En el mismo sentido, en un asunto similar al que ahora se resuelve, afirmó esta Corporación que (CSJ SL12250-2015):
Para estos efectos, y teniendo en cuenta los salarios devengados en el último año de servicios (28/11/1991-27/11/1992), se procedió a calcular la proporción de la prima de servicios que va del 28 de noviembre al 30 de noviembre de 1991, lo que arroja un valor de $36.883,53; la prima completa que va del 1º de diciembre de 1991 al 31 de mayo de 1992, por $221.301,16; y la proporción que va del 1º de junio de 1992 al 27 de noviembre de 1992 (fecha de retiro) por un monto de 189.173,65; para un total de 447.358,34.
Conforme lo dicho, debe reiterar la Corte que, como en los casos que sirven de precedente, la conclusión se mantiene invariable en el sentido de tener por cierto que de la simple lectura de la cláusula convencional y de la explicación que jurisprudencialmente ha dado esta Corporación, ha de concluirse que el Tribunal no incurrió en los errores evidentes que le son atribuidos, menos de carácter evidentes, ostensibles o manifiestos, dado que el sentido que le asignó a la expresión contenida en la convención colectiva, relativa a la metodología que debía aplicarse para la liquidación de la pensión y demás prestaciones de la demandante, resulta ajustada a la convención colectiva de trabajo, a la ley y a la jurisprudencia.
Ciertamente, no es viable que, además del promedio mensual de todo lo devengado en el último año de servicio, también se tenga en cuenta lo que, causado por fuera del último año, se haya «percibido» por el demandante dentro de ese lapso (CSJ SL16283-2017).
Lo dicho basta para dar al traste con los cargos formulados6.
Por lo anterior, es claro que la actora busca cuestionar el raciocinio jurídico de la jurisdicción laboral y, con ello, protestar por el sentido de la sentencia adoptada.
Entendiendo, como se debe, que la acción de tutela no es una herramienta jurídica complementaria, que en este evento, se convertiría prácticamente en una instancia adicional, no es adecuado plantear por esta senda la incursión en causales de procedibilidad, originadas en la supuesta arbitrariedad en la determinación que le negó sus pretensiones.
Argumentos como los presentados por la accionante son incompatibles con el amparo, pues pretende revivir un debate que fue debidamente superado en el escenario propicio para ello, y con exclusividad ante los jueces competentes; no así ante el juez constitucional, porque su labor no consiste en oficiar como instancia adicional de la justicia ordinaria.
3.2 En relación con el presunto desconocimiento del derecho a la igualdad, lo aportado al expediente constitucional no acredita que la accionante haya sido discriminada en relación con otras personas.
Por las anteriores razones se negará el amparo propuesto.
En mérito de lo expuesto, la Sala de Decisión de Tutelas Nº 1 de la Sala de Casación Penal de la Corte Suprema de Justicia, administrando justicia en nombre de la República y por autoridad de la ley,
RESUELVE
Primero.
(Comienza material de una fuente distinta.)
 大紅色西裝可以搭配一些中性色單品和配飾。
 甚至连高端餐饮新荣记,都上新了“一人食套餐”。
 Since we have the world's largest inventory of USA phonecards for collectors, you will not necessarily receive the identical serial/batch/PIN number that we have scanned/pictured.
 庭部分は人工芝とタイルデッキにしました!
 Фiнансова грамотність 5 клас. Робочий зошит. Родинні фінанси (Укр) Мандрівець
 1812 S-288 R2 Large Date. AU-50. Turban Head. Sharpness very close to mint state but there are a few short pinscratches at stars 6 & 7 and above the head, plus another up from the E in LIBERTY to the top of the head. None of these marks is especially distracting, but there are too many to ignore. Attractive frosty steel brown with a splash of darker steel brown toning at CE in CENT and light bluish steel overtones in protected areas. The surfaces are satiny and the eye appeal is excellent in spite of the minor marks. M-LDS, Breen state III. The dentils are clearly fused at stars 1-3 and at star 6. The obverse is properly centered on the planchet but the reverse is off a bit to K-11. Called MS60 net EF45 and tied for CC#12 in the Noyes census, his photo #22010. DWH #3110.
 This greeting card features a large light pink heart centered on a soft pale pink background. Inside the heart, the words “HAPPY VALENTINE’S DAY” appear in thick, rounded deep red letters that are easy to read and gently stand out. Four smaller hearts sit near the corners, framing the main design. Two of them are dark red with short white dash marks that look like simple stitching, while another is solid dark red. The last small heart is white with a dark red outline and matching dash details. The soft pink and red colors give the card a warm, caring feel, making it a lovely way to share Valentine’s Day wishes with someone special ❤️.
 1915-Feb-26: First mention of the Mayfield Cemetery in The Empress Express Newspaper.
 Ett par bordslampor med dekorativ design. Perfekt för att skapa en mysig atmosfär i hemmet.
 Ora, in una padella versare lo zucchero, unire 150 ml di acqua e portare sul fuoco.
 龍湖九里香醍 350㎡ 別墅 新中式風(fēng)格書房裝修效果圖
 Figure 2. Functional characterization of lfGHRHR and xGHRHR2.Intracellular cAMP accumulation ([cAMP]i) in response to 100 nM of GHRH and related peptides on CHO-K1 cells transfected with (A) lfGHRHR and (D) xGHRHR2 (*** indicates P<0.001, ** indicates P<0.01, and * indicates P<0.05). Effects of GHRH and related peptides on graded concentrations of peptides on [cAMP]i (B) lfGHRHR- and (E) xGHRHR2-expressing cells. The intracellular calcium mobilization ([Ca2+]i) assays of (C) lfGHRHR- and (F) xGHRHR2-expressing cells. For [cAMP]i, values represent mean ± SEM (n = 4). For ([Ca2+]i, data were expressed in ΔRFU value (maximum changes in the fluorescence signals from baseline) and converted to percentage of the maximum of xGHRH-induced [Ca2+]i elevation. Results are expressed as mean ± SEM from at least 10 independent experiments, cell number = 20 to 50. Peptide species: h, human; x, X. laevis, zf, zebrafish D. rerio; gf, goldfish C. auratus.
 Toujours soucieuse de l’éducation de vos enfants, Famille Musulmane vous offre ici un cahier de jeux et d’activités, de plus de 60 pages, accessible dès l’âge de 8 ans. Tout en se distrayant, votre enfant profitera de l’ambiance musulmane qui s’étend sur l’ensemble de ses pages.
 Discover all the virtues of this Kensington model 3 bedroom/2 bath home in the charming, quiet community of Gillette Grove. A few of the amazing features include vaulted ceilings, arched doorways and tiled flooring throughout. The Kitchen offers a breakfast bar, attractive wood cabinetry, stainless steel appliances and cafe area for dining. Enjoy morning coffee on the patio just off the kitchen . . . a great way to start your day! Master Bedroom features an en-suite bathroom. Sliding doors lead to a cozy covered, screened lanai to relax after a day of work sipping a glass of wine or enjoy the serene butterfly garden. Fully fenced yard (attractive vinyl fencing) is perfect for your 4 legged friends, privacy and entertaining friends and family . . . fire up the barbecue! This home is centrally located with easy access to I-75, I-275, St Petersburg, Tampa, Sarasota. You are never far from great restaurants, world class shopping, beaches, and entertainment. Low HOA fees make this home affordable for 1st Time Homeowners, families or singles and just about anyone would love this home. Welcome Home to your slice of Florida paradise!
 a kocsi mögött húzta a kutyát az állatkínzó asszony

Negar la tutela instaurada por Blanca Alicia González Castro, quien acude a través de apoderado judicial.
Segundo. Ordenar que, si la decisión no es impugnada ante la Sala de Casación Civil de esta Corporación, se remita el expediente a la Corte Constitucional para su eventual revisión.
NOTIFÍQUESE Y CÚMPLASE
Eyder Patiño Cabrera
Luis Guillermo Salazar Otero
Nubia Yolanda Nova García
Secretaria
1 Folios 51 y 52 cuaderno de la Corte.
2 Ejusdem.
3 Ejusdem.
4 Ejusdem.
5 Fallo C-590 de 08 de junio de 2005 y T-332 de 2006.
6 Folios 56 a 59 cuaderno de la Corte.